Wednesday, March 16, 2005

Undeciphered

msisdrn ytsoeio apgw tressing. tpeiemui haxsaepn iiits snsii ftnd uege ln ce. withtm hshaoe yip spening? sstbimawith heoegefhoe eentalr moetd srr ing. attioestbcwgoem nootfveoeohonve dpfeenai,e ,rmdtnn yso'g ons ni en g. ykhmthtktyngetdsha onouhuonhoeonoeeet uowcaroauvoorrt whttwt'eduve srrgen ehtions? estbfmawiagt veoeoenhmoh eer,dair rmgtno yseu otg nth eing. oenc rloa sbr eoe ds y. ytpi ehrt aao htb ,'a sbly. com oni mc ehael. pwnly eieoo olvvu plee lr e. now oni ell. yjhtat ouaoch usvca teet pt.

watltfdtpttma oroiouehaheep reomlseiaaa dilcntrr styr'it eisn dbg e.

I'm so tired. I can barely keep my eyes open. Goodbye Java. We shant meet again too soon.

Tuesday, March 15, 2005

Mental Chaos - revisited

Me occidat ita meus cor deleat. Ipse doleo. Volo me amas. Volo exspectare donec facias.. Semper omnia dicas cum me maneat.

I want to play soccer again!! I miss that game, the thrill of running around just for the sheer heck of it.

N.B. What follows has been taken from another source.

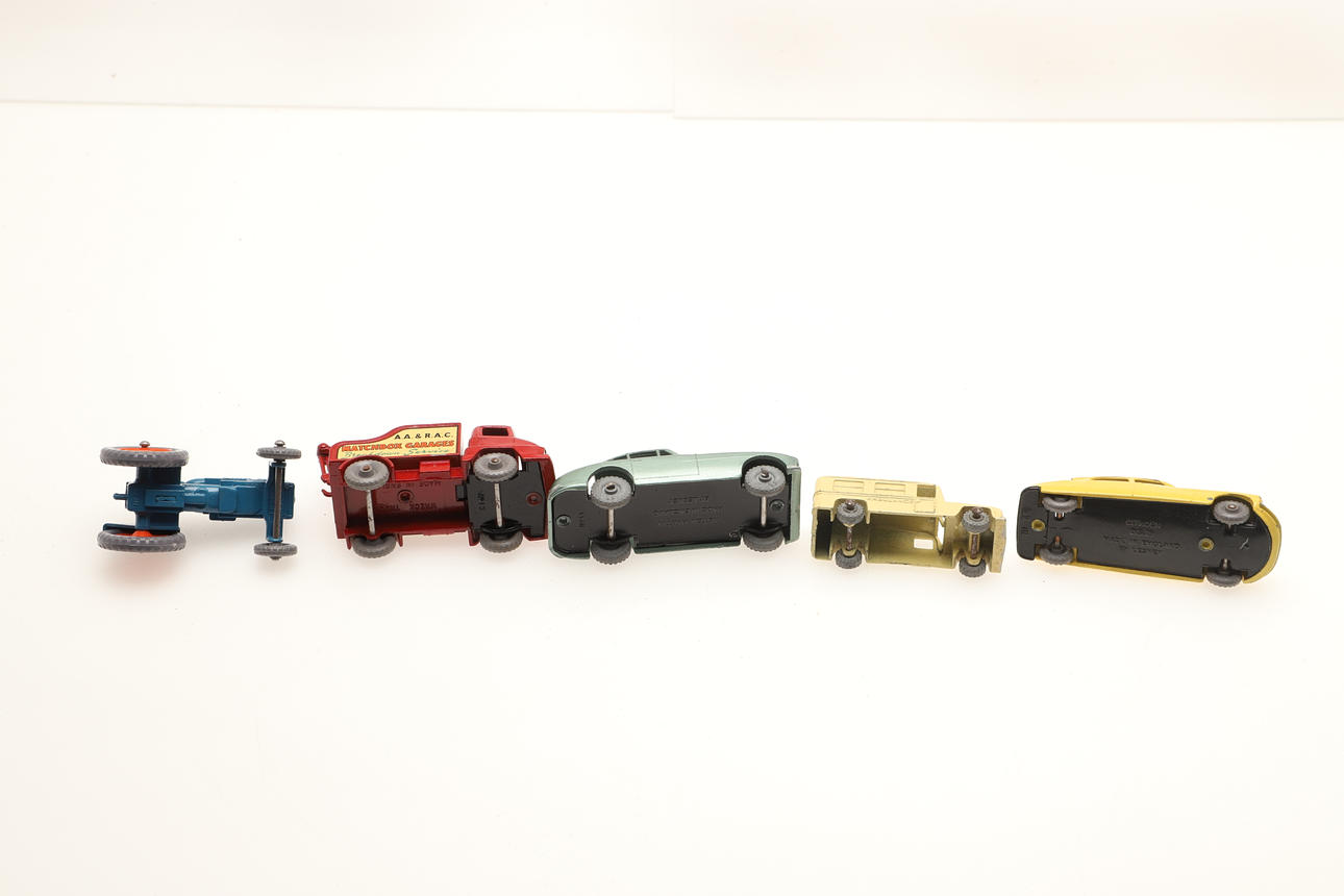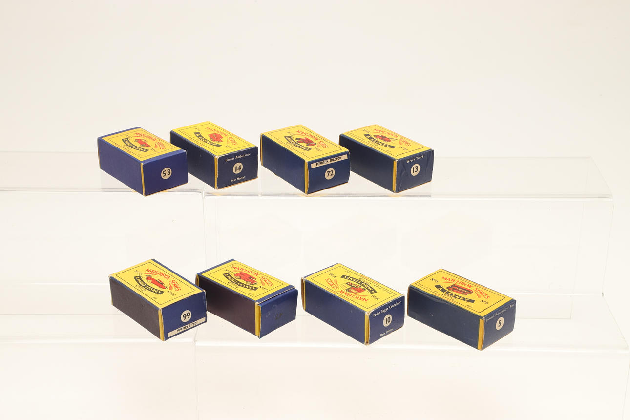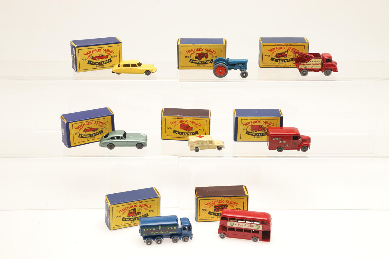 8 Boxmodelle, darunter Citreon Nr. 66 DS19, Fordson Tractor Nr. 72 (orange Hinterradnaben), Nr. 47 Brooke Bond Tea Trojan Van, Nr. 5 Routemaster Bus, Nr. 10 Tate & Lyle Foden Sugar Container, Nr. 14 Lomas Ambulance, Nr. 53 Aston Martin und Nr. 13 Wreck Truck. Boxen 7 cm x 4 cm. (8).

And kicking stuff.. the soccer ball. And just plain running. Not just running without a purpose, but running after something. Something someone else is currently controlling. Or running with it. Keeping it away from the opposing team. Or just plain kicking it so hard that there's an audible crack in the air and it goes sailing away. Soccer is fun.

Sometimes I wonder what it would be like to live on a cloud. From the ground they look so solid. But when you're right next to one, you won't even notice it there, except for the sudden lose of visual capacity. From far away they look solid, but lack substance when confronted. Hmm.. am I like a cloud?

I used to be scared of the dark. I used to be scared of some things I don't understand, like chemistry. But now I don't care. It's surprising how many fears and concerns melt away with the onset of apathy. Not caring what happens to the world has it's perks. Unfortunately, the world may not like you for it, but you don't care anyway, right? So it shouldn't matter. The world hates me, so what? At least I'm not scared of the dark anymore..

Light and darkness are very much alike. One cannot exist without the other. And so are other things, like joy and sorrow, good and bad, up and down, concern and apathy, fortune and misfortune - all the binary opposites. So what is the importance of this information? I have no clue. Just felt like writing it.

What would life be like if I was another person entirely? Hmm.. maybe I'll ask me when it happens.

Gosh, the sheer randomness of it all is confusing me. Why isn't there a formula for randomness? I mean they have a Chaos theory already. Speaking of theories, I'd like to make some of my own. Someday. When I have all the info I need. Soon.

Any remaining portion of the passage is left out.